Australian Variations: Lindy Hop as a Contemporary Australian Vernacular Dance?
From the 1930s, lindy experienced a leap in popularity, living on social dance floors across the world, recorded in film and print for future generations. The 1950s brought rock n roll to the social dance floors of the world, and new directions for Afro-American artists. Soul, R n B, rock n roll, Motown, Funk, hip hop, rap, R n B again… jazz shifted from the vernacular to the realm of aficionados and musicians. Until the 1980s, when white dancers went searching for the forebears of swing. Contemporary lindy scenes are fond of the story of Frankie Manning’s rediscovery, his return from postal worker to international dancing celebrity. But despite its roots, its history as an Afro-American dance, lindy hop is now, primarily (particularly in Australia), an Anglo-European dance culture. Can lindy still be read as Afro-American vernacular dance, when it is danced in Sweden and New Zealand and Singapore? When the dancers are English and Australian and Korean? When the dancers are, in Australia, primarily white, middle class youth learning in schools and academies, rather than on the social floors of dance halls?
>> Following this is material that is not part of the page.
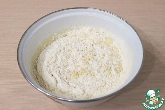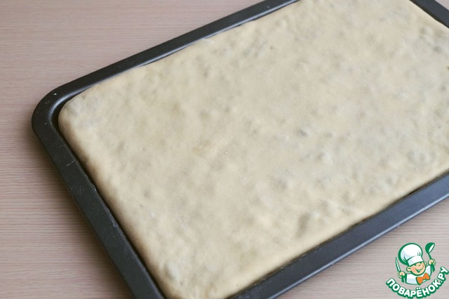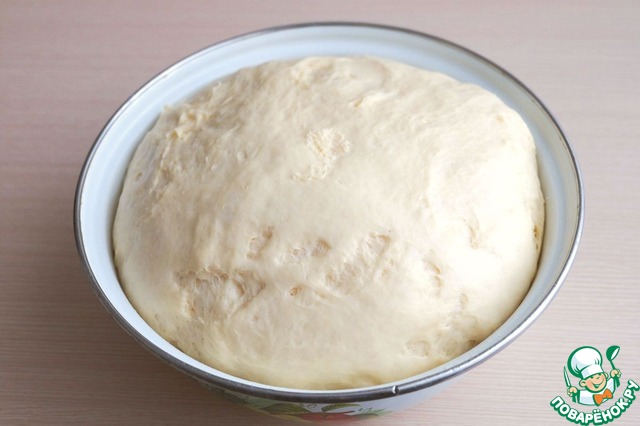 Добавить в подготовленную смесь соль (1 ч. ложка) и всю порцию муки (3 стакана). Заместить тесто. Емкость с тестом накрыть полотенцем или пищевой пленкой и поставить в теплое место для подъема.

Jacqui Malone makes the point in her book Steppin’ on the Blues that vernacular dance is the expression in music and movement of everyday, ordinary life experiences. It could be argued, then, that lindy today, is no longer the vernacular dance of the 1930s Afro-American communities. It might be read more as the vernacular dance of mostly white, mostly middle class, mostly youth cultures around the globe, who come to lindy without the entrenched tradition of social partner dancing of their parents and grandparents. They are having to learn social partner dancing etiquette from scratch. They bring with them their day-to-day experiences with a vast universe of media - television, radio, internet, newspapers, magazines. They have come to lindy with personal histories with disco, rock n roll, hip hop, techno, reggae…
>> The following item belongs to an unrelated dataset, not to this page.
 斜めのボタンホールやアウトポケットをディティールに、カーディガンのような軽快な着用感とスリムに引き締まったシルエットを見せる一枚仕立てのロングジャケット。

The lindy hop communities of Australia - of Melbourne in particular - are barely ten years old. They are, in effect, having to remake a social dance culture along the lines of 1930s Harlem, but in a contemporary context, with the politics and ideologies of the21st century. Lindy hop, while it might be becoming a new type of vernacular dance - a vernacular dance that is globally lindy, but locally… Australian, New Zealand, European, Asian - and is in the largest part, a product of the leisure industry. Students buy classes in lindy. They learn to dance lindy from teachers, in class-settings, in their carefully apportioned leisure time, wearing their use-specific dance shoes, dance to recordings which are the product of multinational recording companies.
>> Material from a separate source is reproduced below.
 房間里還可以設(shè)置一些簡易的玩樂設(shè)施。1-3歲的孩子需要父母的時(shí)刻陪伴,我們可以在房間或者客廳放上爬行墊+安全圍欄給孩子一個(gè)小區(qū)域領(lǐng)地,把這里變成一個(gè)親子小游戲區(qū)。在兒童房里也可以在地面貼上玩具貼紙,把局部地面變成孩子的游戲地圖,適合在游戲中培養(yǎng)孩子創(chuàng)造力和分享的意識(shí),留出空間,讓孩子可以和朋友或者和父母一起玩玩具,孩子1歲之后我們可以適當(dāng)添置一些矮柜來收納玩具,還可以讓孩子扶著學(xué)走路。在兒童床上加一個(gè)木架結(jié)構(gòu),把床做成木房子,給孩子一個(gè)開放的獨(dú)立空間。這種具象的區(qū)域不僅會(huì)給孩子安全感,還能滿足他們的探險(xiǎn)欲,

Malone writes that in Afro-American communities, “black youth and adults generally don’t take classes to learn social dance - their academies are dance halls, house parties, social clubs, and the streets. In fact, formal dance studios are usually years behind the real source of America’s social dances: the black community”(28). That is the tradition of Afro-American dance. Learning to dance, to develop ‘style’ as an individual, rather than working to ‘perfect’ a specific ‘brand’ of dance.
It seems, then, that the tradition of lindy hop - as vernacular dance - sits uncomfortably with the ethos of schools and institutionalised, structured learning in Melbourne. But perhaps this is the truest expression of contemporary Australian culture. Dance becomes a product to be bought, dancing is to be mastered, to paid for by the class and accumulated as capitol. In Melbourne, this seems to increasingly be the case, as the emphasis shifts from social dancing and teaching social dancing etiquette (in itself an oddly Anglo-European concept) to promoting competitions in the ballroom dancing and VRDA tradition, teaching choreographed performance dancing increases, and ‘Balls’ become forums for the display of product, the ‘branding’ of dance and the commodification of knowledge.
And while all this is depressing when the history of lindy is revisited, perhaps lindy hop culture and lindy hop communities in Australia are a pathway to more satisfying, inclusive cultural practice? Writing with the fervour of an idealist in the throes of passion, could lindy hop - social dancing, social lindy - not hold the potential for undoing the worst nastiness of contemporary capitalist culture? If vernacular dance can serve as resistance to oppression, if derision can be empowering, if the ecstatic state of bodies in motion can lift the spirit of the enslaved, could not a few turns on the social dance floor in down-town Melbourne not serve as a raised fist to the ever-tightening grasp of homogenising dance-factories?
Malone, Jaqui. Steppin' on the Blues: The Visible Rhythms of African American Dance. Urbana and Chicago: University of Illinois Press, 1996.